#### Work instruction
The answer is to be an exact copy of the lines below running from the line with "Die Reduzierung der" down to the line with "Old Beijing cloth", both ends included, and nothing more.

#### Records for processing
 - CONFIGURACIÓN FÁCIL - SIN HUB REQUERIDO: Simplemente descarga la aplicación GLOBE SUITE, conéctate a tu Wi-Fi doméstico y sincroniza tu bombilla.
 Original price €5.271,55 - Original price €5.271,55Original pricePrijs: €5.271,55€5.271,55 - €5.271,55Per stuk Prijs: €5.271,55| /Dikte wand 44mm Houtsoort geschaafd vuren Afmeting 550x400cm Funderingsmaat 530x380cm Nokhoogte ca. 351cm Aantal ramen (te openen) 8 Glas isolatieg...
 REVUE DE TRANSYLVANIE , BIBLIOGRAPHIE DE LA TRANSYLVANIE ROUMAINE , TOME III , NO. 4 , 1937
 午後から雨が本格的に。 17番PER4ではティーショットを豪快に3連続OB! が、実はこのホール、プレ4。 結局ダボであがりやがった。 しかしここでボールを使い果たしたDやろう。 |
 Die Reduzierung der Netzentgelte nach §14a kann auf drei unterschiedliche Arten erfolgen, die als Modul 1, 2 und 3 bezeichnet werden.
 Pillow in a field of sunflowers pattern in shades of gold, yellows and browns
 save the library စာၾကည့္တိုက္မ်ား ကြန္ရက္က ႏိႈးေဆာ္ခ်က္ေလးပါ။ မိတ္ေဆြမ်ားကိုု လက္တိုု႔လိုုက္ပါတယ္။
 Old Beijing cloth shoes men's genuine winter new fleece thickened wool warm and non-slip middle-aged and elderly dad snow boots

...

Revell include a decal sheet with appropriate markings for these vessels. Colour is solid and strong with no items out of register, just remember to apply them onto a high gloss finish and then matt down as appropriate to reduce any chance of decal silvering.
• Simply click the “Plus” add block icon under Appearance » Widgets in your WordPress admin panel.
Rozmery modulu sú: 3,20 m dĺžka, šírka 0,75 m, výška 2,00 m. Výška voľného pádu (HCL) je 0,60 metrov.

--

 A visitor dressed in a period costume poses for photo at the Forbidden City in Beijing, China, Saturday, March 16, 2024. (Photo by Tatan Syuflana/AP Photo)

#### Problem solution
 Die Reduzierung der Netzentgelte nach §14a kann auf drei unterschiedliche Arten erfolgen, die als Modul 1, 2 und 3 bezeichnet werden.
 Pillow in a field of sunflowers pattern in shades of gold, yellows and browns
 save the library စာၾကည့္တိုက္မ်ား ကြန္ရက္က ႏိႈးေဆာ္ခ်က္ေလးပါ။ မိတ္ေဆြမ်ားကိုု လက္တိုု႔လိုုက္ပါတယ္။
 Old Beijing cloth shoes men's genuine winter new fleece thickened wool warm and non-slip middle-aged and elderly dad snow boots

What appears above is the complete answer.